Natürlich sind die alle 1,XX.  
Ich meine die dünnste. Bei der Teichtiefe ist eine 1 mm PVC auch ausreichend.
Du wirst ja sicherlich noch darunter die Steinchen entfernen. Vielleicht kommt sogar noch ein gutes Vlies drunter?

Zum Folienanbieter einfach mal die erweiterte Suchfunktion mit "EPDM Geaplan" füttern und auf "Beiträge anzeigen" unten umschalten. Da kommen ein paar Treffer!
Konnte da nix negatives über Geaplan lesen.


----------



## Shiva88 (13. Apr. 2012)

*AW: Projekt Teichbau in Hanglage hat begonnen*

So, hab gestern die Teichfolie bestellt.

Wir haben uns nun eine 1,14 mm EPDM bei Geaplan gekauft.
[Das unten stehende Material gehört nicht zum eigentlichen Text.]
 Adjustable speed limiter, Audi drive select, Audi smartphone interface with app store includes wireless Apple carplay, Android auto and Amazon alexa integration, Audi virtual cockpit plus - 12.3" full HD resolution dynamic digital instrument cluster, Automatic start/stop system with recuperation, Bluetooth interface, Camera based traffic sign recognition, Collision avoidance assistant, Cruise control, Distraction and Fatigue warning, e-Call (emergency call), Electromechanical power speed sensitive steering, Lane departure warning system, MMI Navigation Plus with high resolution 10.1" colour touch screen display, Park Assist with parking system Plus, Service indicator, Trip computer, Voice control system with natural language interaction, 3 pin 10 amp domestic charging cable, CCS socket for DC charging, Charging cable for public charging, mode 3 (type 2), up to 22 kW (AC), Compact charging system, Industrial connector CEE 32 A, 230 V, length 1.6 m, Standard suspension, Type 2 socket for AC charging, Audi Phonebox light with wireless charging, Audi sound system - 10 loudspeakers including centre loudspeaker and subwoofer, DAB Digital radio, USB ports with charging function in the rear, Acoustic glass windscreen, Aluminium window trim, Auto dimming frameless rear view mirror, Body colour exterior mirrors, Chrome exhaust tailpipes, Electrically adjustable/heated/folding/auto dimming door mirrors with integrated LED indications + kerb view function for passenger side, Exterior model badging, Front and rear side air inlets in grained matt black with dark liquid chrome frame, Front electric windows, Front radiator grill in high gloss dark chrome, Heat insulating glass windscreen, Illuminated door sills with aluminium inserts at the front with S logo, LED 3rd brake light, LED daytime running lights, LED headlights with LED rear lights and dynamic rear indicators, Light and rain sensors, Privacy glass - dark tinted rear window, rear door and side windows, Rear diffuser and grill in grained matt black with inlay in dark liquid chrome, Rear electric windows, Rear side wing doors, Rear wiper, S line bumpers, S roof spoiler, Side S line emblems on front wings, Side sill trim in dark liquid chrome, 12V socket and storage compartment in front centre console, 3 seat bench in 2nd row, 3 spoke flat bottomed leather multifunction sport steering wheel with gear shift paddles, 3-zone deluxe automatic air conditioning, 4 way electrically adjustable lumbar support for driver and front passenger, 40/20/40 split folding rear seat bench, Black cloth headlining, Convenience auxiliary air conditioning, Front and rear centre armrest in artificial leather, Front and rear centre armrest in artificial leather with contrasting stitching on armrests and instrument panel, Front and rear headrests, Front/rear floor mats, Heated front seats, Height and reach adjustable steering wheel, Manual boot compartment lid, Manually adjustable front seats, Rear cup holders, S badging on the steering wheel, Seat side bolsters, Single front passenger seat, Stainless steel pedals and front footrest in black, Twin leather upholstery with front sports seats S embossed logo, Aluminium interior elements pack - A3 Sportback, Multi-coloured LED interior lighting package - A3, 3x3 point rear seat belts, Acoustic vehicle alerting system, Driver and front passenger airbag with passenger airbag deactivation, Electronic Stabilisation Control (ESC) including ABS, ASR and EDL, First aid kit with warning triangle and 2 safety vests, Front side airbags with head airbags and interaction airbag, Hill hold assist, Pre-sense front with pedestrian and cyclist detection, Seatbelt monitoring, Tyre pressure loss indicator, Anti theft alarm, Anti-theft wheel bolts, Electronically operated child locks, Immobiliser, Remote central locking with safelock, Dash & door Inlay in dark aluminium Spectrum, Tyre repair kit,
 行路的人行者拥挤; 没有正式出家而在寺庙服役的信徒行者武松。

Lieferzeit stand leider nicht dabei  Hoffe jedenfalls dass sie Anfang nächster Woche kommt. :beten

Falls die Folie erst nach den ersten Pflanzen kommt haben wir als Notlösung zum glück noch ein paar Maurermörtel stehen.


----------



## Shiva88 (20. Apr. 2012)

*AW: Projekt Teichbau in Hanglage hat begonnen*

Hallo,

hier mal ein Zwischenreport  :
Loch ist im Granitstein drin (war innerhalb einer viertel Stunde erledigt  )

Vlies wurde Vorgestern verlegt 

 

und die Folie ist gesgtern gekommen.

 

Der erste Teichbewohner ist auch schon da 

 

und ganz nebenbei hat mein Mann den Pavillion hochgezogen 

 

Jetzt bin ich am hoffen, dass die Pflanzen heute oder morge noch kommen, damit ich am Sonntag weiter machen kann.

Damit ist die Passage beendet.